多言語サイトの運用中によく起こるトラブルと、それに対する解決策をまとめます。

  • トラブル1:言語別のリンク切れ
      – 解決策:リンク先のURLも言語別に適切に更新し、週次でクロールチェックを実施
  • トラブル2:翻訳済みなのに公開されていない
      – 解決策:CMSの公開ステータス管理を多言語ごとに設定。レビュー者の承認ワークフロー導入
  • トラブル3:Google検索に新言語ページがインデックスされない
      – 解決策:Search Consoleでインデックスリクエストを手動送信し、sitemap.xmlに多言語ページを反映
  • トラブル4:更新時に旧翻訳と矛盾が出る
      – 解決策:日本語の更新内容の意図と文脈を翻訳者と共有する「コンテキストメモ」を運用

運用こそが多言語サイトの本質的な価値を左右します。

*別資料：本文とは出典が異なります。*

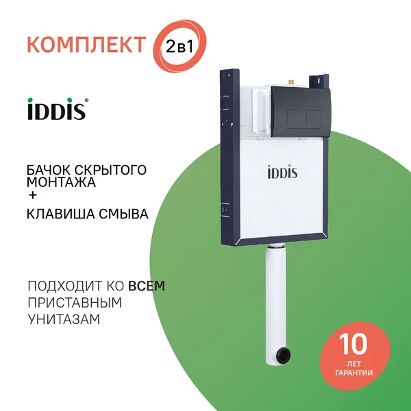Универсальный бачок с верхним подводом воды и фронтальным расположением клавиши смыва для комплектации напольных унитазов. В комплекте черная клавиша с двумя кнопками – для полного и экономичного смыва. • Оснащен всем необходимым для простого и быстрого монтажа, дальнейший сервис и оперативное перекрытие воды возможны без использования инструментов. • Монтируется в готовую стену или зашивается в декоративный короб. Такой скрытый монтаж увеличивает полезную площадь туалета на 10-20 см. • Цельносварная металлическая рама обеспечивает дополнительную надежность. • Теплоизоляция бачка из полипропилена препятствует образованию конденсата, что исключает возникновение сырости. • Возможность использования полного и частичного смыва позволяет существенно сократить расход воды без ущерба комфорту. Расходы на коммунальные платежи снижаются. Гарантия на смывные бачки IDDIS® – 10 лет. (с) Авторский текст, июнь 2023 г.

特に「誤訳」「リンク切れ」「表示崩れ」などは、現地のユーザーからは“信用できない企業”という印象につながるため、ミスをゼロに近づけるプロセス設計がカギとなります。

失敗事例に学ぶ改善策

失敗事例に共通する3つの落とし穴

十分な設計なしに多言語対応を進めた企業の中には、期待した効果が得られなかったケースも多く見受けられます。失敗事例に共通するポイントは次の3点です。

  1. 文化的背景への理解不足
      例:日本語での「安心・信頼」をそのまま英訳しても響かず、訴求力を失う
  2. 翻訳の質が担保されていない
      例:自動翻訳だけで構成し、文法ミスや違和感のある表現でユーザーの信頼を損なう
  3. 運用体制が整備されていない
      例:日本語ページ更新後に英語版が放置され、情報の不整合が発生

これらの失敗はすべて、「計画・翻訳・運用」のどこかに穴があるケースがほとんどです。事前に体制を整え、運用設計まで含めた「本気の多言語化」が必要です。

段階的改善で成果を出すロードマップ

多言語対応は一度に完璧を目指す必要はありません。むしろ、段階的な改善(フェーズ展開)が現実的で効果的です。

Step 1:最重要ページのみを翻訳(トップ・サービス・お問い合わせ)

→ 早期にCV導線を構築し、効果測定

Step 2:SEO効果の高いページを追加翻訳(ブログ・事例・FAQ)

→ 流入拡大とロングテール強化を狙う

Step 3:運用体制の確立・翻訳ガイドラインの整備

→ 継続的に質を担保し、PDCAを回す

Step 4:現地特化のサブサイト・LP制作や広告連携

→ 現地SEOと広告運用を組み合わせてCVを最大化

このように、“まずやってみる”ことが成功への第一歩です。多言語対応は、準備・改善・運用の継続がカギを握ります。

まとめ

多言語サイト制作は、単なる翻訳作業ではなく、戦略設計から翻訳品質、デザイン適応、SEO最適化、運用体制に至るまで、総合的な取り組みが求められます。「英語版を作れば海外対応になる」という考えでは、期待する成果を得ることは難しく、逆に信頼を損ねるリスクもあります。

本記事で紹介した要点を踏まえ、段階的かつ実践的に多言語対応を進めることで、自社サイトを「成果につながるグローバル資産」へと育てていくことが可能です。